Target: Michel Sidibe, Executive Director of the Joint United Nations Programme on HIV and AIDS (UNAIDS)
Goal: Continue further action on treating the global HIV/AIDS epidemic
There is a new breakthrough in the global fight against HIV and AIDS, the United Nations explained recently. Over the past 10 years, new cases of infection have dropped substantially, and countries in Africa—those most commonly hit the hardest—are showing the most improvement. “We are moving from despair to hope,” explained Michel Sidibe, Executive Director of the Joint United Nations Programme on HIV and AIDS (UNAIDS), the leading advocacy group tasked with eliminating the threat of HIV/AIDS worldwide.
According to Sidibe, because of “a more targeted, pragmatic approach” to testing and treatment (including focusing on groups of high-risk individuals like gay men, drug addicts and prostitutes) record numbers of people are now receiving lifesaving antiretroviral medication. But as more people receive proper treatment, more people will be living with HIV/AIDS; and as this number increases so too does the need for medication and the issue of of funding the demand takes center stage.
Additionally, in regions of Eastern Europe, Central Asia and the Middle East, aid is oftentimes held back by current laws and customs. For example, homosexuality is illegal in many Muslim countries in North Africa and the Middle East, so many bi-sexual and gay men cannot risk admitting to infection. In Central Asia and Eastern Europe, where new cases are largely motivated by heroin use, methadone treatment is often illegal. If addicts cannot be treated for their addiction, they may never be fully out of risk of contracting or spreading HIV.
Despite a promising turn of events, it is still clear that the fight against HIV/AIDS cannot be forgotten or weakened. To encourage UNAIDS to continue its work in treating HIV/AIDS around the world, please sign the petition below.
Dear Mr. Sidibe,
Congratulations, the fight against HIV and AIDS has reached a critical breakthrough. Right now, record numbers of people all around the world are receiving lifesaving treatment for this deadly and contagious disease. Because of the actions of UNAIDS and supporting organizations, countless people have been saved in countries most commonly hit the hardest with the epidemic.

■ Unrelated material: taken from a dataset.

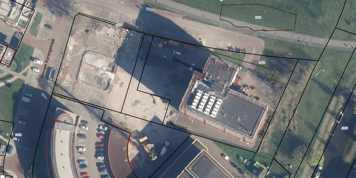 Het perceel waarop Edisonplantsoen 131 staat heeft een oppervlakte van 3315 m². Dit is een zeer groot perceel. De perceeloppervlakte wordt geregistreerd door het Kadaster. Gedetailleerde informatie over de maten van dit perceel kunt u vinden in het rapport Kadastrale kaart met maatvoering van Edisonplantsoen 131.
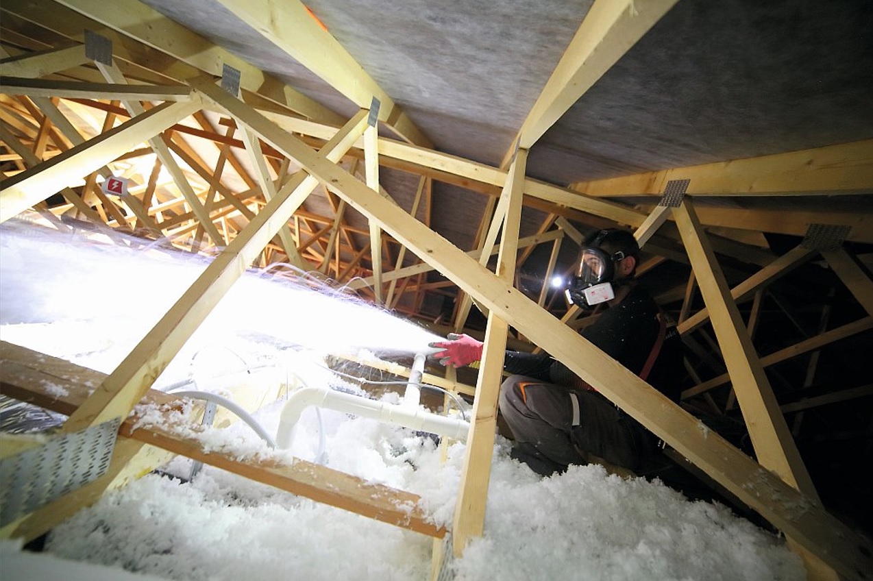 Dużą zaletą zastosowania URSA Pure Floc jest również możliwość wstrzymania prac w dowolnym momencie i kontynuowania procesu po przerwie. Nie ma też potrzeby specjalnego zabezpieczania pomieszczeń przed rozpoczęciem robót – po ich zakończeniu wystarczy tylko pozamiatać. Jako że tego rodzaju izolator nie wiąże się chemicznie lub mechanicznie z innymi elementami czy materiałami, prace ociepleniowe mogą być prowadzone o każdej porze roku, bez względu na temperaturę zewnętrzną i wewnętrzną, a obróbka przegród budowlanych i użytkowanie pomieszczeń są możliwe tuż po wdmuchaniu wełny.

But even with this success, the battle is not yet finished. In areas of Central Asia, Eastern Europe and the Middle East new infections are rising and treatment is often stymied. UNAIDS must not stop now. It is because of this that I write to you—to encourage UNAIDS and its affiliate organizations to continue working towards a world free of this disease. We are now one step closer to that finish line.